» WHAT TO WORK ON
Leave the pictures behind and repeat all the entries exactly.

» INPUT RECORDS
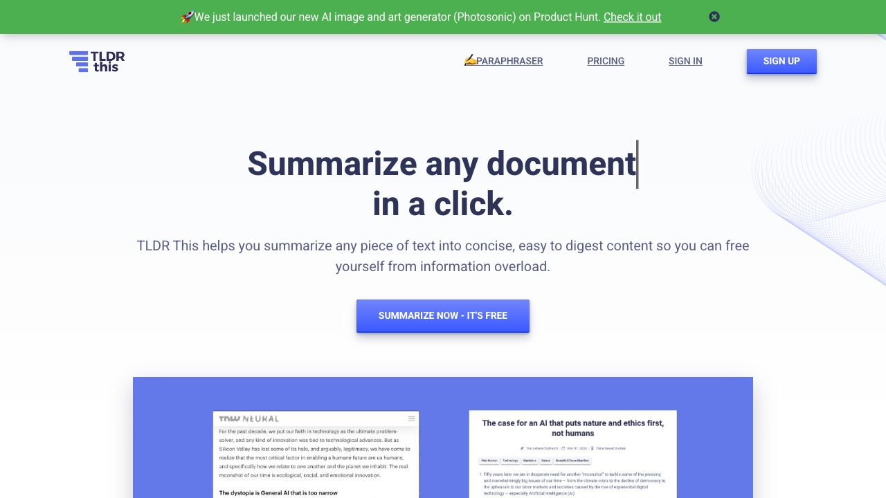 Free AI-powered tool for summarizing articles and extracting key information.
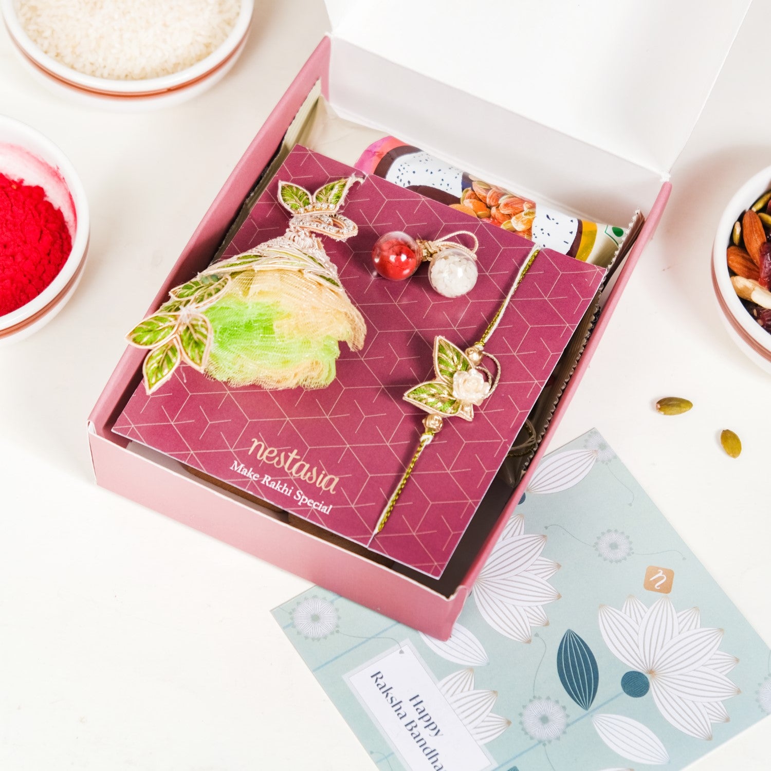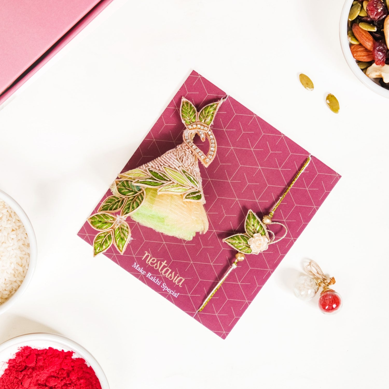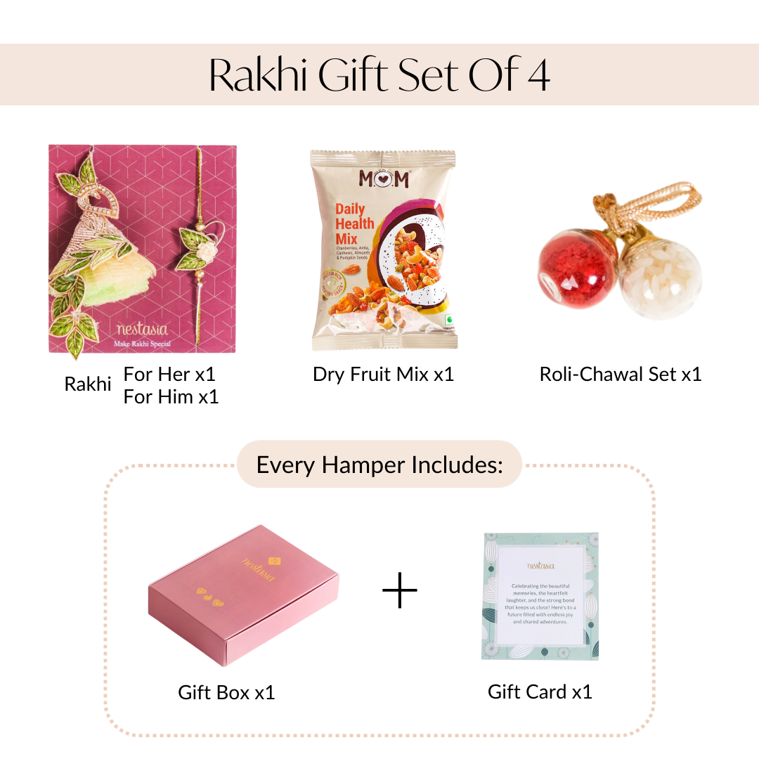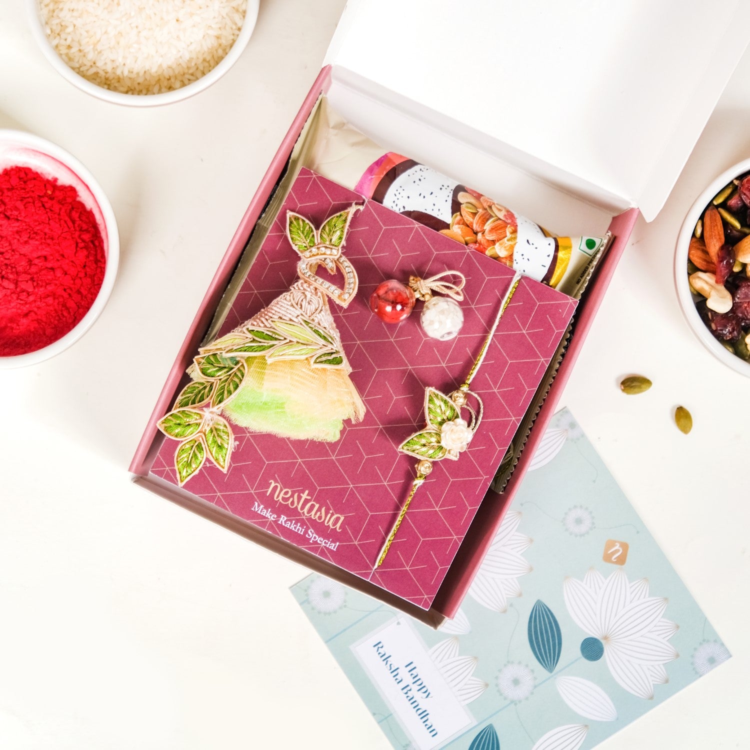 Leafy Artisanal Rakhi Lumba Hamper Set Of 4 With Box And Card
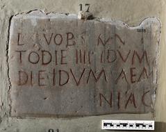 Lastra, mutila su tutti i lati, con iscrizione sepolcrale posta al ...
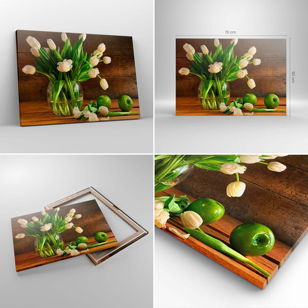Bilder auf Leinwand Tulpen Apfel Blumenstrauss Frühling Leinwandbild 70x50cm Wandbilder Dekoration W
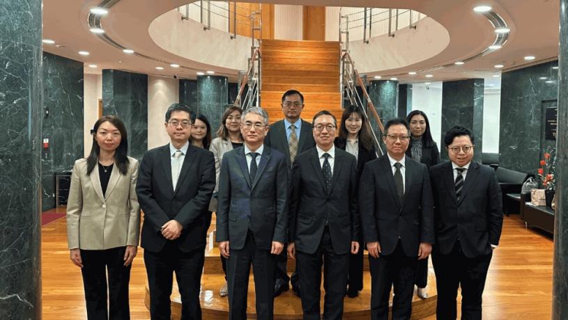 林定國(右二)與澳門特別行政區檢察院檢察長葉迅生(左三)會面。政府新聞處
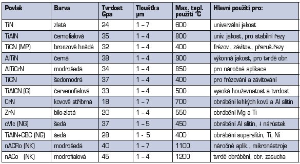 Pro srovnání: tvrdost oceli kalené na 63 HRc činí cca 8 Gpa, tvrdost nepovlakovaného WC – 18 Gpa, tvrdost
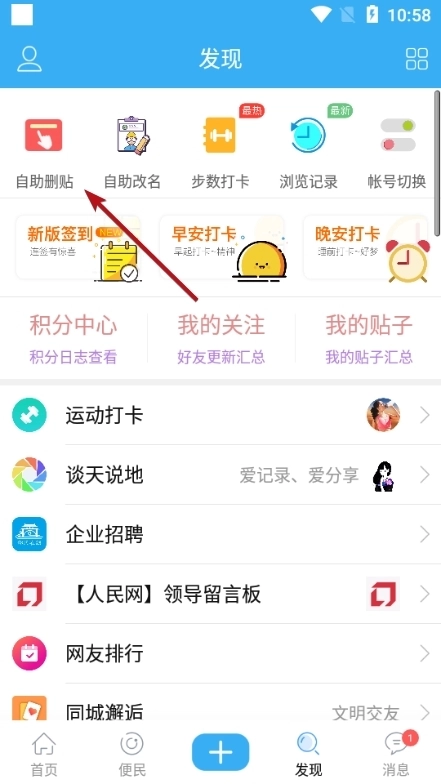 2、在发现板块中,有各种社交类的服务,如谈天说地、网友排行、同城邂逅等

» WORKED SOLUTION
 Free AI-powered tool for summarizing articles and extracting key information.
 Leafy Artisanal Rakhi Lumba Hamper Set Of 4 With Box And Card
 Lastra, mutila su tutti i lati, con iscrizione sepolcrale posta al ...
Bilder auf Leinwand Tulpen Apfel Blumenstrauss Frühling Leinwandbild 70x50cm Wandbilder Dekoration W
 林定國(右二)與澳門特別行政區檢察院檢察長葉迅生(左三)會面。政府新聞處
 Pro srovnání: tvrdost oceli kalené na 63 HRc činí cca 8 Gpa, tvrdost nepovlakovaného WC – 18 Gpa, tvrdost
 2、在发现板块中,有各种社交类的服务,如谈天说地、网友排行、同城邂逅等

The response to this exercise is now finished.